In my never-ending mission to bring you good people fine food ideas, I offer my very own humble variation on that most wonderful thing of civilisation, The Pizza.
- A couple of slabs of pita bread that have been sitting on the kitchen bench for a while. Don't worry about the fuzzy green bits on them, you'll never notice.
- A fair quantity of Kraft cream cheese spread. It may be wise to sniff the jar cautiously first, as it may have been in the fridge for a while. Any curious crunchy bits in an old jar are just an added bonus.
- A jar of that pesto that's been lurking in the cupboard for so long you don't even remember buying it.
- A few olives (sliced) that you can just see lurking in the milky greenness at the bottom of the jar. Ignore the 'best before' date, they're lying.
- Some water chestnuts of dubious provenance you picked up in that funny little Asian food store a while back.
- Some sliced tinned mushrooms. If you can't find the can-opener to use normal ones, that jar of marinated mushrooms you bought last year will do.
- A handful of chopped strips of bacon you managed to prise out of the frozen tundra in the freezer.
- Grated cheese. Of course. I prefer Watsonia fully matured, as you don't notice such a change in taste as it gets older that you get with lighter cheeses.
- Dried diced onion and garlic granules. Naturally.
- Lovingly spread a generous quantity of cream cheese on each pita bread base. You may have to heat the jar to do this, but don't overdo it, or things get soggy.
- Smear great dobs of pesto onto this. Liberally sprinkle diced onion and garlic granules onto this.
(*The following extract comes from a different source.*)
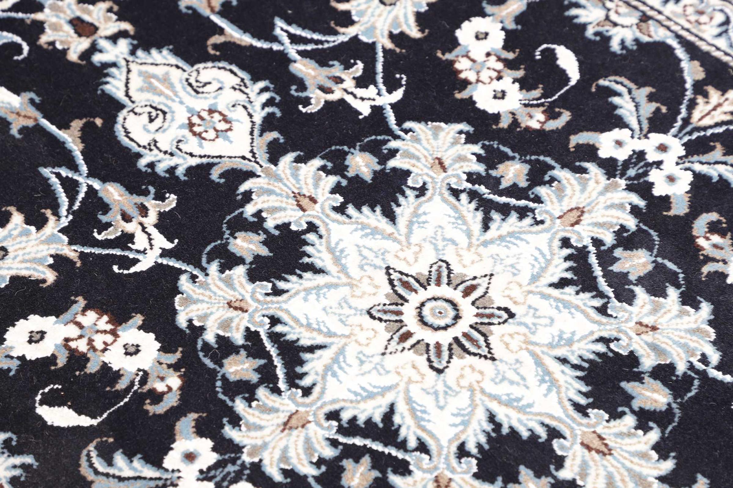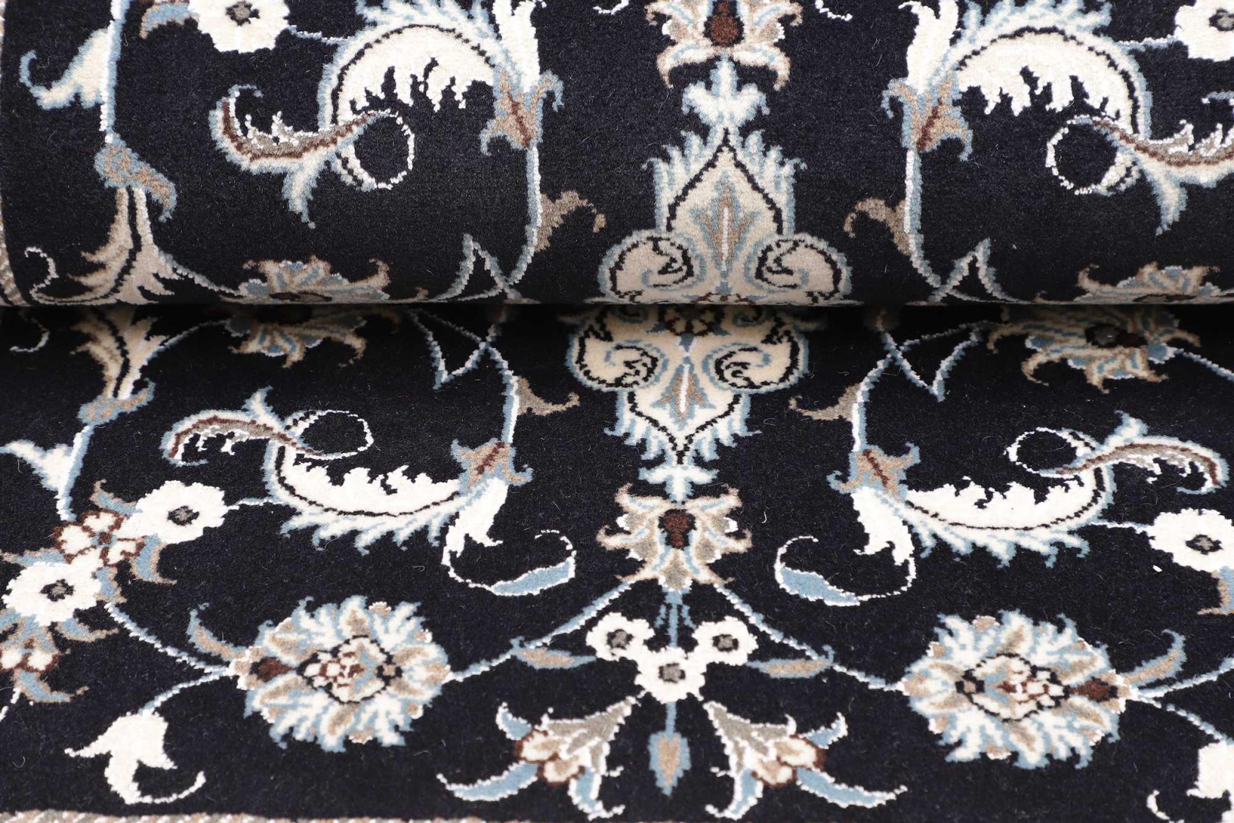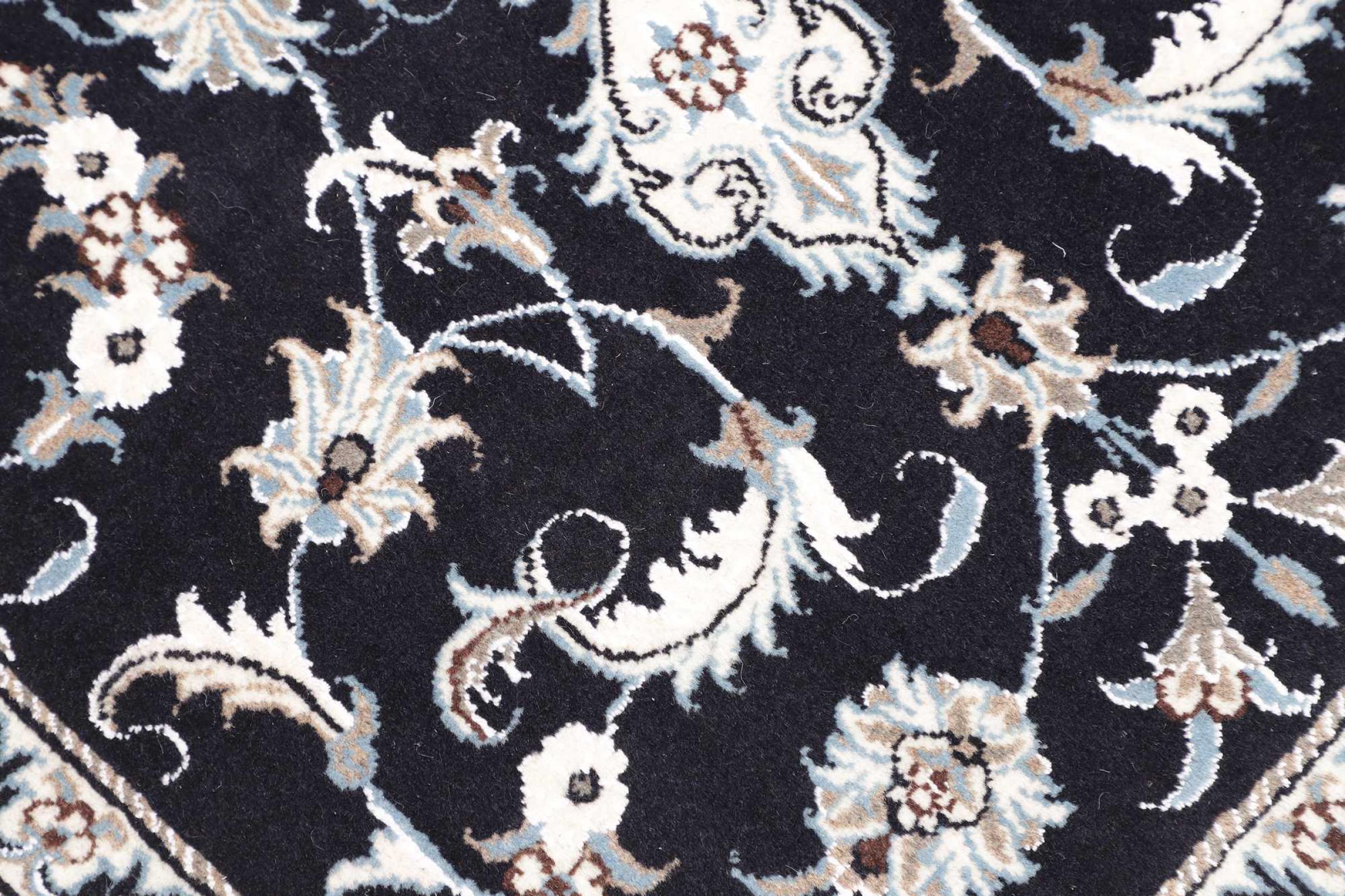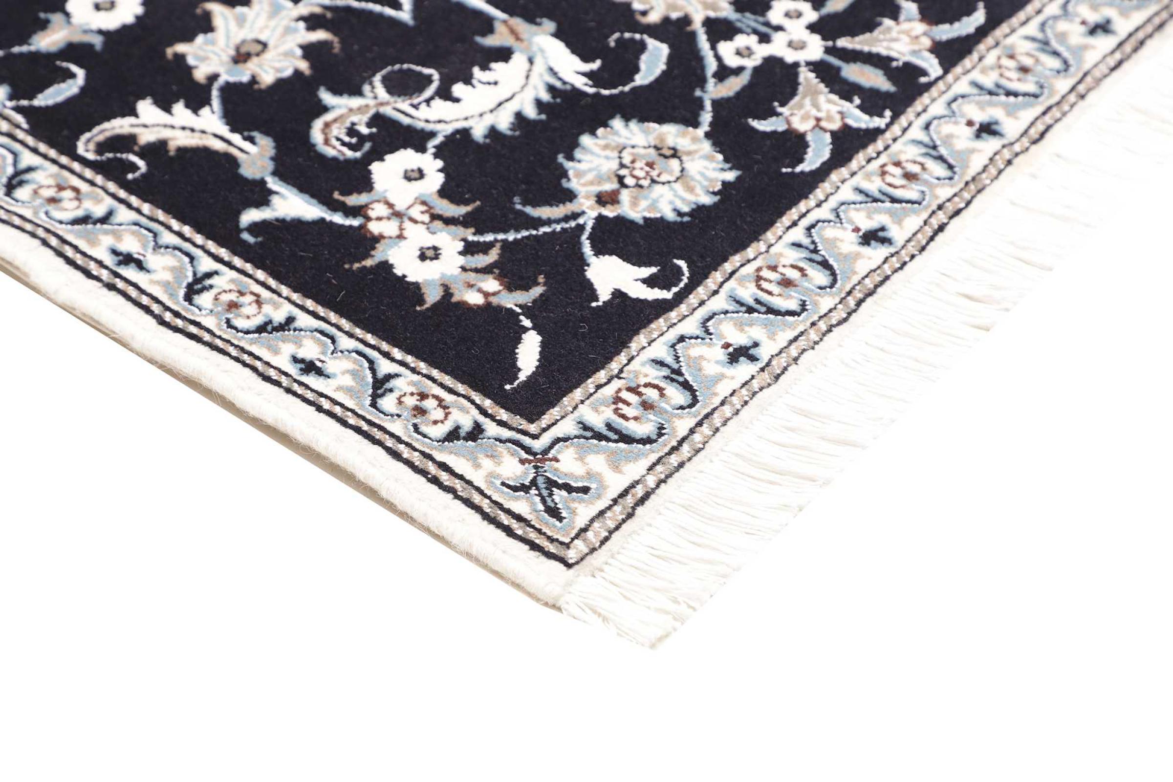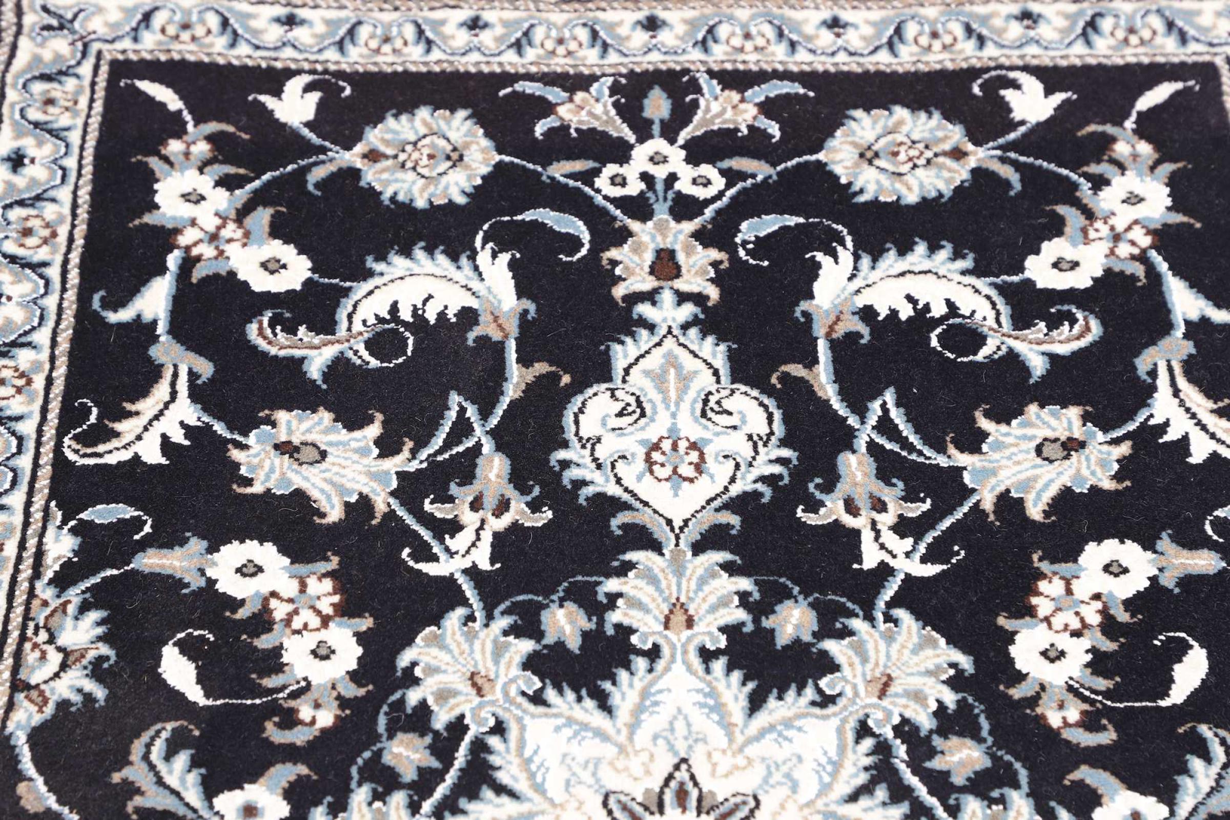 Esta alfombra Nain está clasificada como 12La. Tiene un aspecto elegante y refinado con su colorido típico de Naín. Esta alfombra persa fue anudada a mano en la ciudad de Naín, situada en el extremo occidental del desierto de Dasht-e-Kavir, con lana de alta calidad y seda natural. Con un tamaño de 12La, no está tan finamente detallada con ornamentos como una Nain 9La o 6La.

- Bung the various other ingredients carefully onto the first base. Get cheesed off with how long it takes on the second base and just throw them on any old way, so that this one looks like a roadkill pizza. (Never mind, it'll look worse in your stomach.)
- Add the cheese last, grating it directly onto the pizza. Wonder briefly if the blood from your grated fingers will affect the taste.
- Try unsuccessfully to light gas oven for a while. Realise that the igniter must be broken, and get out a box of matches instead.
- Shakingly brush the burnt hair from the back of your hands and reflect on the fragility of life at this near-death experience of an oven full of gas going 'whoomph' in your face.
- Place pizzas in oven. No idea of the time or temperature - a visual check to ascertain cheese-meltage should be sufficient. (NOTE: It is strongly recommended that you use a baking tray. Pizza ingredients that drip off your pizza onto the bottom of the oven, where they tend to burn a little bit will not taste very good.)
- Take pizzas out of oven with hands. Place on a plate, screaming pained obscenities as you do so. Grab cold beer out of fridge to soothe burned fingers. Place contents of beer can down throat to soothe burned hands, and various other existential ills.
- Eat, periodically adding more beer to mouth to soothe discomfort of roof of mouth, which appears to be shedding skin.
A robust meal, not for the faint-hearted gourmand. Care must be taken in the level of cheese spread applied, or you may find your pizza best served in a bowl with a spoon. Best accompanied by beer to drown the nagging thought that perhaps a pizza should not quite taste like this.
As you awake in a cold sweat later that night after dreaming of being chased by giant machette-weilding enchiladas while trying to sing show tunes and wearing a stuffed-potato jacket, reflect that possibly the Italians had it right the first time, and that pizza recipes should not be meddled with.